When does it make sense for a retailer to switch to a POS system?
Actually, every retailer already has a system to manage transactions. This might be as simple as ledger entries or even counting everything that got sold and still remains on the shelf at the end of the day (though the latter option would be rather tedious). The retailer is ultimately an agent whose business it is to maintain stock and sell what he has. Hence, each retailer, who wishes to thrive rather than commit hara-kiri, maintains a record of what he has sold and how much stuff he still has left. He knows then what to display more prominently and how much to order of what from the distributor.
The question then is how sophisticated a POS system does a retailer use and when is the right time to upgrade. The benefits of a POS system can be described thus:
The ordered rank of these benefits more-or-less reflects an increasing level of sophistication in the system.
If the benefit sought is simply to record sales, a simple desktop and a screen suffice. The transactions are punched in using a keyboard, which might be equipped to read credit cards, and perhaps a printer attached to generate the bill. This setup means that the cashier picks the item and check its label, and then record the product description and the price either from a sticker on the item or, as in the case of produce, look up the current price of that item from some record. A small retailer might not even use a desktop for this and just record the transactions in ledgers, cumbersome as it might be over a spreadsheet tool.
As the volume of business grows, and the number of items kept and sold at the store, the scope for manual error increases. A retailer selling only six varieties of loose tea is less likely to mix his description and prices than another retailer selling, besides these six varieties, a handful of national brands of tea in all sizes and flavors and coffee in all its loose and packed variants.
Abstracting the description and price information to a database and assigning each item in the store a unique identifier, reduces the task of the cashier to just punching in this item number. Throw in a scanner and the only scope for manual” error remains when the item doesn’t scan and the cashier has to manually enter the item number.
The other obvious advantage is that checking out becomes faster. The cashier now has to just hold the scanner like a gun over the item’s temple or jiggle the item in front of the item. No ledgers to fill and no keys to punch – the wait time reduces dramatically.
As the volume of business and items handled further grows, the complexity of business requires summarized reports to support decision-making. Much of the information needed at a store dead with inventory – how much is selling of which item and how much cover do we have of it, what do we have to order for the next cycle, what are the outs, etc. It becomes inevitable then to have a POS system that tracks the inventory at the store beside the transactions at the cash tills.
These are usually mobile devices like handheld guns used by shopfloor assistants to locate, scan and update items’ inventories. Since the inventory is linked to sales (every item sold means one item less on the shelf), the system at the cash till is integrated with these devices via a central server in the store.
If the store is part of a chain, this data warehouse is linked to the head office, updated in regular cycles, so that the merchant team there can have an integrated view of sales performance at the item-store level and track inventories, and take corrective actions where required. The ordering team uses the same information to ensure that the store has all the items that it needs to sell.

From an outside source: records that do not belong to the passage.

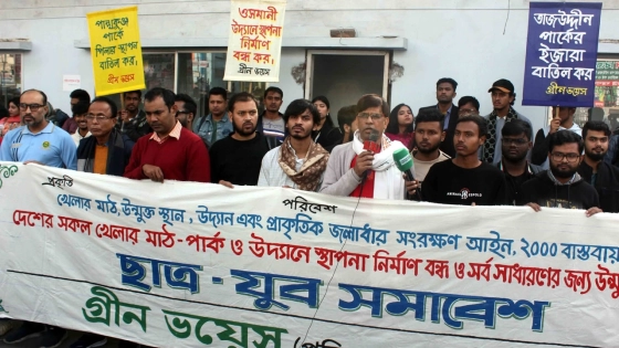দেশের সব মাঠ-পার্ক ও উদ্যানে স্থাপনা নির্মাণ বন্ধ ও জনসাধারণের জন্য উন্মুক্ত করার দাবি করেছে পরিবেশবাদী সংগঠন গ্রিন ভয়েস।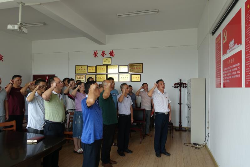 党课结束前,党总支组织全体党员重温入党誓词,大家面对党旗,高举右手,庄严宣誓,铿锵有力的誓言,体现了党员同志们对中国共产党的无限忠诚。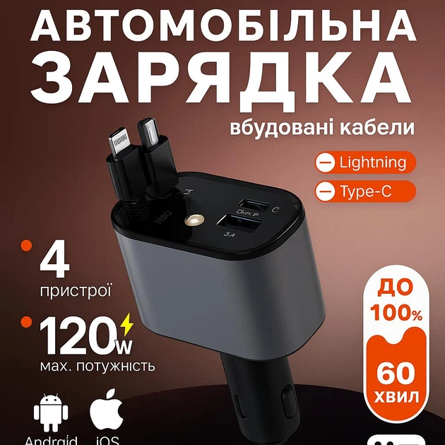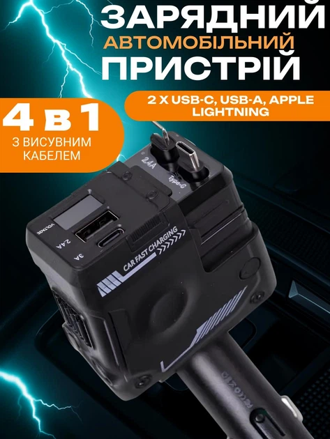 Автомобільна зарядка в прикурювач MECHA 66 Вт автомобільний зарядний пристрій для телефону 4 в 1 з висувним кабелем Type C/L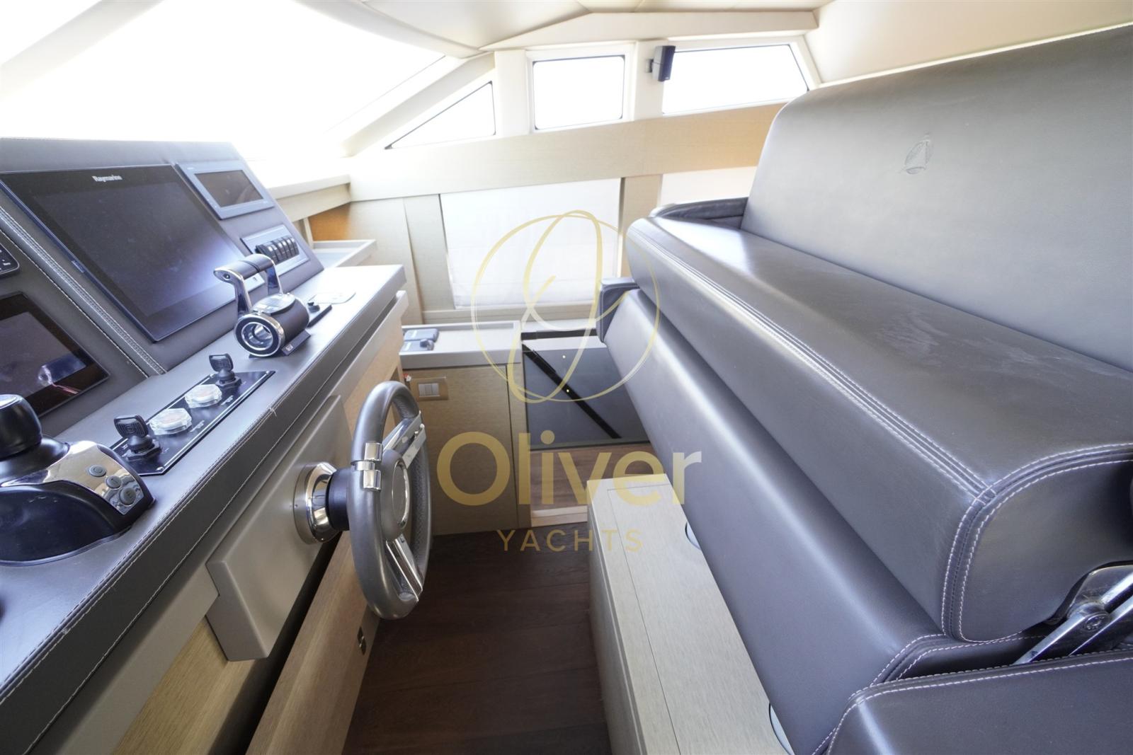Gli interni della Prestige 750 sono progettati per offrire volume, luce naturale e funzionalità reale. Il salone principale è ampio, con grandi finestrature panoramiche che garantiscono luminosità costante e vista aperta sul mare. La zona living è ben separata dalla dining area, creando ambienti distinti ma fluidi.

A more sophisticated system emerges when the sales/inventory information at the store is linked with the vendor’s replenishment systems. Here, the system is in the collaborative framework which was discussed in the earlier article, where the vendor is producing and replenishing to demand and the highest service level standards are maintained with minimum inventory in the vendor-retailer system.
The more sophisticated the POS system, the more the investment in IT, staff and data maintenance costs, among others. Hence, where a retailer ultimately sits would depend on what benefits he seeks from the system and whether his level of business justifies the investment. An astute retailer can recover his costs in a few months in savings (more return on inventory, less shrink) and enhanced volumes (backed by the system’s DSS.)